The Everly Brothers seldom performed together in the last quarter-century, something Don reflected in his own statement: “Our love was and will always be deeper than any earthly differences we might have had,” he wrote. “The world will be mourning an Everly Brother, but I’m mourning my brother Phil Everly.” Such was the duo’s influence that Paul McCartney contributed a song to their 1984 reunion album.

Alexander Ivashkin

Lina Prokofieff

When Alexander Ivashkin performed — say, a Prokofiev sonata for solo cello — his tone was almost electric in its intensity. The low notes, which he played with such authority, seemed to come from a contrabass. Though this proficiency was enough to make him co-principal cellist of the Bolshoi Theatre Orchestra, he will perhaps be best remembered as a promoter of Russian music and new works. He was the first to bring avant-garde composer John Cage to Soviet Russia, and in his recordings premiered many compositions, including those of Krzysztof Penderecki and Arvo Part. Perhaps most of all, Ivashkin was a fierce champion of composer Alfred Schnittke, recording his music (e.g. Schnittke’s “Cello Sonata No. 1” with Schnittke’s wife, Irina) and writing about his work and life. Ivashkin died in February at age 65.

Alice Herz-Sommer

Droemer Publishing

Alice Herz-Sommer, pictured here at her debut in 1924, began learning Chopin’s etudes for piano in earnest after the Nazis invaded her homeland of Czechoslovakia in 1939. “They are very difficult,” she said of the musical pieces. “I thought if I learned to play them, they would save my life.” Four years later, in a concentration camp, she would be called upon to perform for fellow detainees and visiting members of the Red Cross. “These concerts, the people are sitting there — old people, desolated and ill — and they came to the concerts, and this music was for them our food,” she remembered. “Through making music, we were kept alive.” Herz-Sommer lost her mother to Terezin and her husband to Dachau. A Nazi officer, moved by her music, spared her and her little son, allowing them to stay in Theresienstadt until war’s end. She died in London this February, aged 110, the oldest survivor of the Holocaust. Near her life’s end, and in spite of such harrowing loss, she gave this summation: “Music is magic.”

Paco de Lucia

Jose Luis Roca / AFP / Getty Images

Renowned Spanish flamenco guitarist Paco de Lucia was lost to the world on February 25. He was one of those rare traditionalists who can push a genre forward. “My father and all my brothers played guitar, so before I picked it up, before I could speak, I was listening,” he said in 1994. “Before I started to play, I knew every rhythm of the flamenco.” Having clear mastery of the flamenco form, with all its precision and passion, de Lucia started introducing elements of jazz, both harmonically and through new instrumentation. His first great musical partner was singer Carmen de la Isla, the two recording highly influential albums in the 1970s. The next decade saw even greater success when de Lucia collaborated with jazz guitarists John McLaughlin and Al DiMeola; their “Friday Night in San Francisco” sold more than a million copies. “Mediterranean Sundance” is de Lucia’s vehicle - a flamenco tour de force, augmented by the other two guitarists' dazzling ability. “What you do has to have credibility,” he said in 2004. “No matter how far you go harmonically, no matter how crazy it seems, it has to smell and sound like flamenco.”

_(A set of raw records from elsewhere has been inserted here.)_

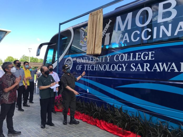 砂拉越南砂 砂流动疫苗接种巴士启用 2021年6月30日 (古晋30日讯)首席部长拿督巴丁宜阿邦佐哈里今早为流动疫苗接种巴士主持启用礼。Advertisement 流动接种巴士有二架,分别由科大巴士改装而成,另一辆由越邦公司借用。 首长为流动疫苗接种巴士主持启用礼。
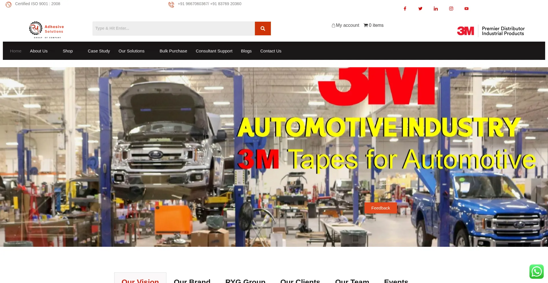 Our Vision Our Brand RYG Group Our Clients Our Team Events Our Vision Our Vision “Adhesive Solutions” (ISO 9001- 2008 Certified Company) are Authorized Wholesale Distributor...
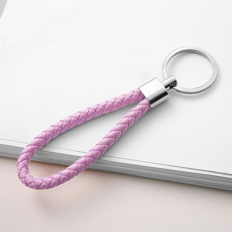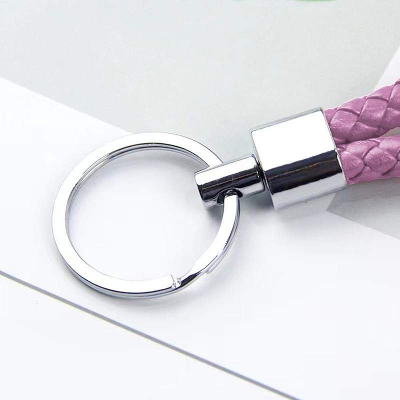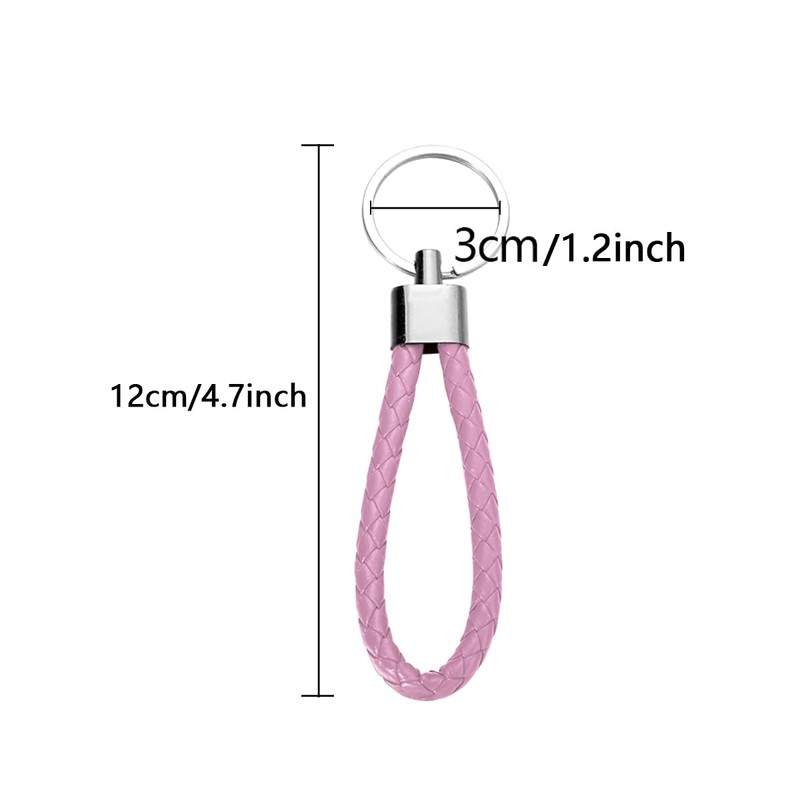 Braided PU Leather Keychains Car Keyring Key Chain Ring for Men or Women Button (Pink)

Scott “Rock Action” Asheton

Tom Copi / Michael Ochs Archive / Getty Images

2014 was not a good year for pioneering punk drummers, evidenced not only by the passing of Tommy Ramone, but also by the death in March of the Stooges’ Scott “Rock Action” Asheton. He was 64. “Scott played drums with a boxer’s authority,” remembered his former band mate Iggy Pop. “He brought a swinging truth to the music he played and extreme musical honesty.” Iggy and the Stooges came roaring out of Detroit in the late 1960s and produced definitive albums like “Fun House” and “Raw Power,” playing an aggressive rock that replaced blues with a kind of Velvet Underground ferocity. As is typical of so many early Stooge’s songs, Asheton’s loping backbeat is the driving force of “I Wanna Be Your Dog”, even if it is mixed lower than the sleigh bells. Scott’s brother Ron, who played guitar in the group, died in 2009. “He played from inside the music,” remembered fellow musician Henry Rollins, “giving any song he played savage, unlimited power.”

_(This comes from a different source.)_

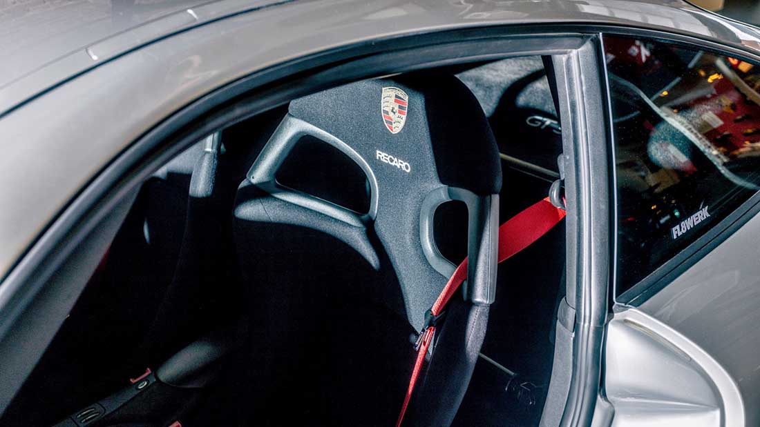 En 1999, el GT3 marca la diferencia respecto a las versiones del 996 más “de calle” con un aumento considerable de la potencia, 60 HP (44 kW) más para llegar a los 360 HP (265 kW), unido a unos retoques selectivos en el chasis y la carrocería, y a la renuncia a algunas funciones de confort para contener el peso. El motor atmosférico refrigerado por agua sigue siendo en la actualidad una característica distintiva de todas las generaciones del GT3, al igual que el alerón trasero desplegable, que inicialmente era fijo. “Cada milímetro del coche está pensado para obtener el máximo rendimiento”, anunciaba Porsche en su día en un catálogo de su versión más deportiva del 911. “En el GT3, la forma sigue a la función, y a la función le sigue el disfrute al volante, una experiencia de conducción heredada directamente de la competición”. También Timo Conrad, de FL8WERK, está muy ligado a las carreras. “Al principio conduje karts y luego participé en distintas categorías de monoplazas, incluso en carreras de montaña”, relata, “pero llegó un momento en que me pregunté seriamente si de verdad era viable triunfar como piloto”. Entonces decidió trabajar en la empresa de sus padres.
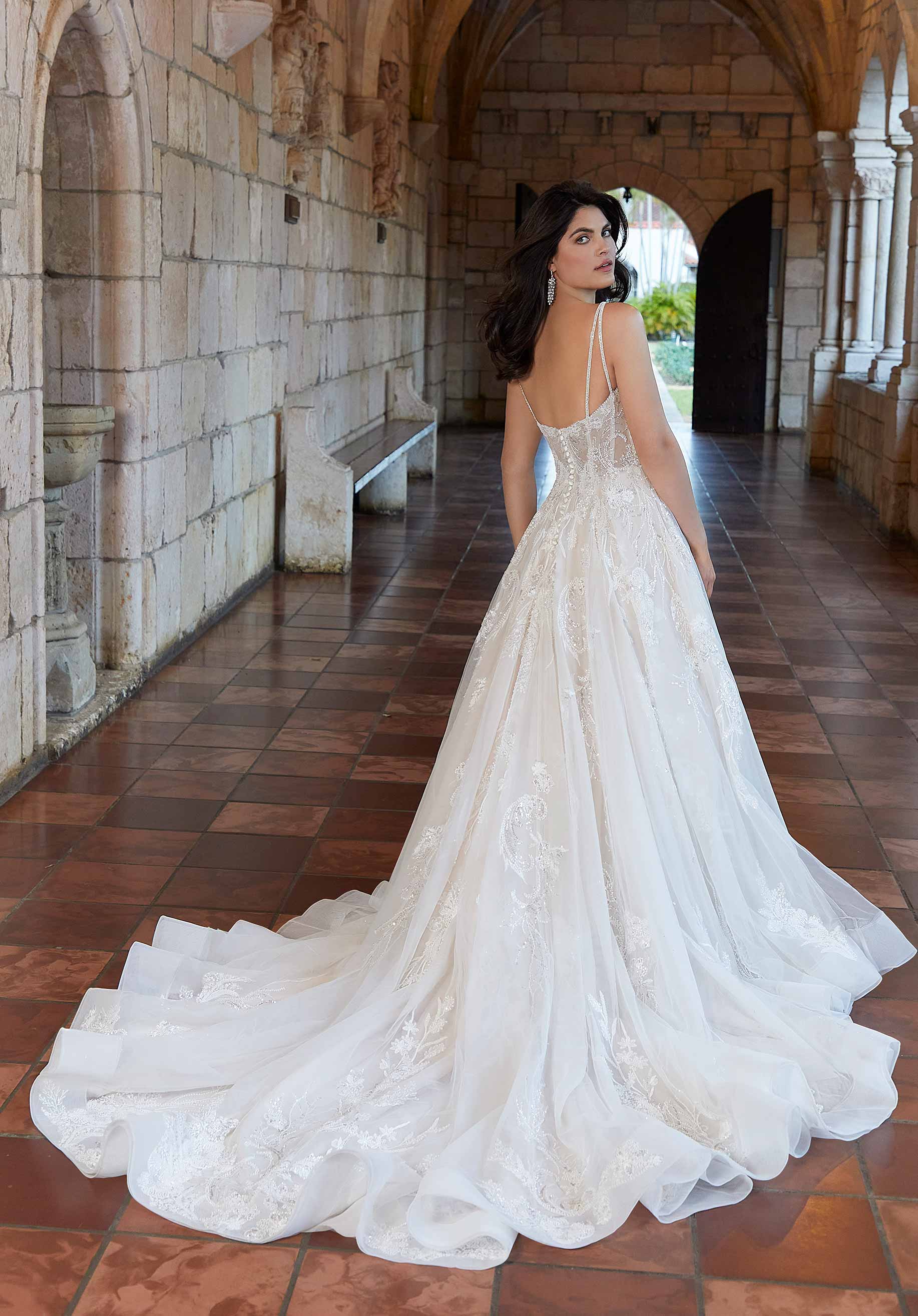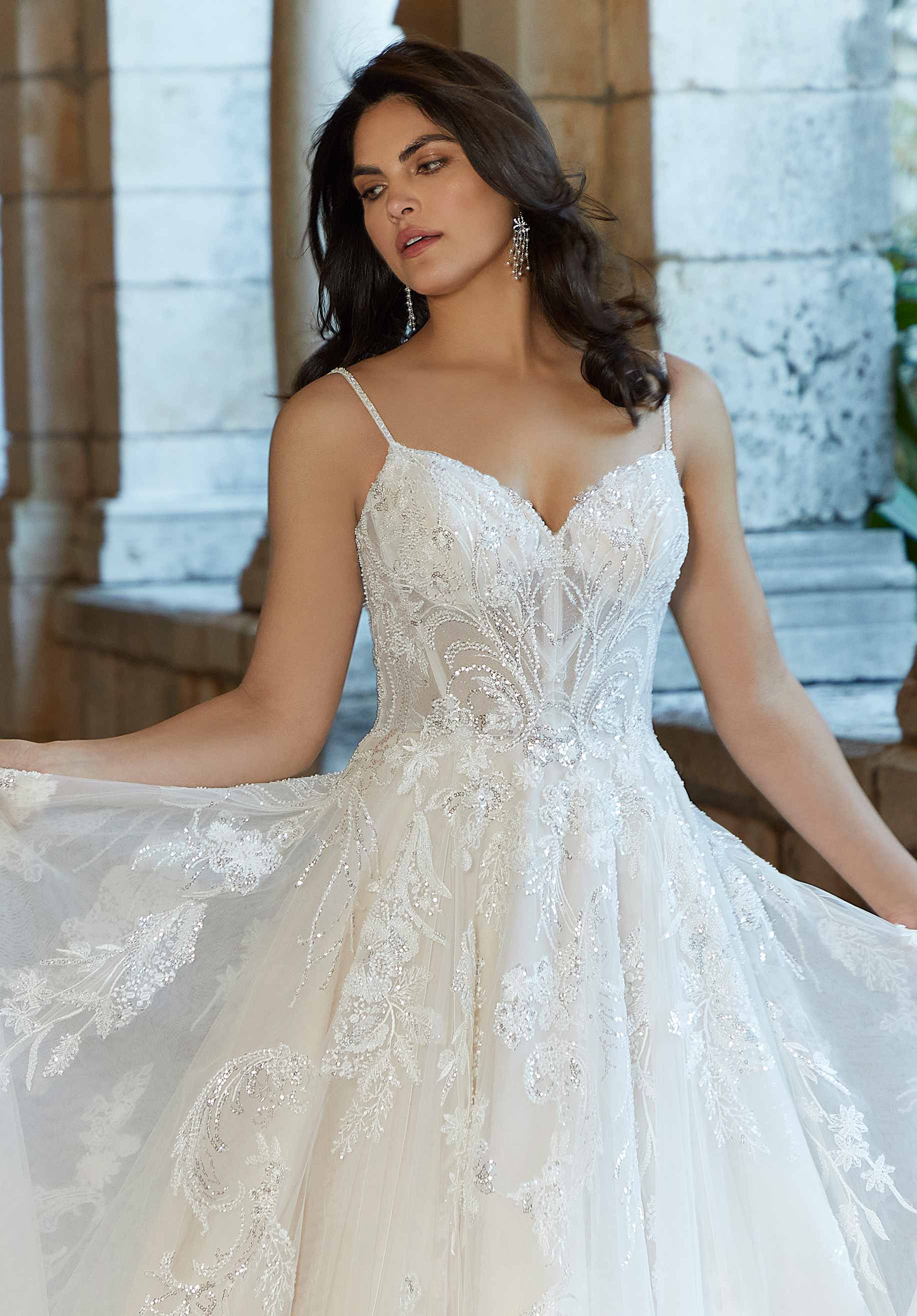 Gabrielle is effortlessly radiant — an A-line gown adorned with patterned sequin lace that catches the light with every movement. Slim spaghetti straps and a flowing train add to the graceful silhouette, creating a look that’s both modern and timeless. She’s the perfect blend of sparkle and sophistication.

James Ridout “Jesse” Winchester

Ebet Roberts / Redferns

James Ridout “Jesse” Winchester, a Louisiana native, moved to Canada in 1967 after receiving a letter from the draft board. He died on April 11 from bladder cancer. In between, he became a songwriter of significant influence, ultimately being covered by artists as varied as Elvis Costello, George Strait and Lucinda Williams. Winchester became a Canadian citizen in 1973, was pardoned by then-President Jimmy Carter in 1977, and moved back to the United States in 2002.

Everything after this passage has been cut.